In the Community: Music and Franco-American Food

 

Sometimes, a concert’s setting can make all the difference. When Lowell National Historical Park first thought of partnering with the Franco-American Day Committee to help celebrate Franco-American Week in Lowell, we planned on presenting a Franco-American/Irish concert on Park grounds. But after much thought and discussion, we all realized that the better idea was to pair the Park-sponsored concert with a community event — the traditional ham and bean supper, which is typically held in a French Church Hall. This year, the supper was served in the Immaculate Conception School Hall. When we arrived around 4:45 p.m., the hall was full of people, many of whom had grown up in Lowell and the surrounding communities. Although there were some children about, the average age was about 75. French was being spoken and the aroma was heavenly. Home baked hams and plenty of Cote’s beans, both the light and the dark, were being served.

 

People socialized and ate from 4:30 to 6:30. Music was scheduled to start at 7:30. Several hours before members of the “Irish-French Connection” took the stage, they rehearsed in the Park’s Visitor Center conference room.

The leaders of this band – John Whelan and Donna Hébert –are icons in their Irish and Franco-American musical communities. Each brings 40 years of performing, teaching, and recording experience to the newly formed band.

 

The tunes and songs they performed during the evening concert were once commonly played and danced to in Irish and French-Canadian immigrant communities throughout the Northeast, where both groups migrated in the 1880s to work in the textile mills. Indeed, when we asked the 135 audience members how many had relatives who had worked in the Lowell textile mills, about half of the hands went up.

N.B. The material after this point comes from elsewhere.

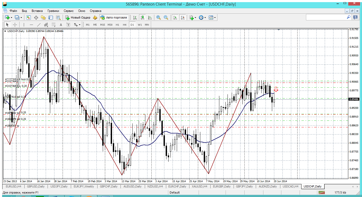 Далее доллар - франк. Здесь картина вроде как следующая получилась. Пара наконец то пробил и закрепился ниже мувинга на дневном ТФ. И хотя в пятницу была предпринята попытка вернуться выше, не получилось и сверху остался только хвост. Правда, тело свечи "бычье" и это несколько портит картину. Но все равно, думаю от 0.8968 (при возврате к пробитому мувингу) можно продать пару. Пипсов 40 вполне может получиться. Прикрепленные файлы:

Seated at one of the many tables was Lowellian Raymond Breault, who throughout the evening played his wooden spoons and clogged his tap-soled shoes in time to the music. On more than one occasion, he made his way to the front of the hall to demonstrate his rhythmic feet. This delighted the musicians. As Donna remarked from the stage, “There is no better compliment to a fiddler than to have someone who is moved to  get up and dance.”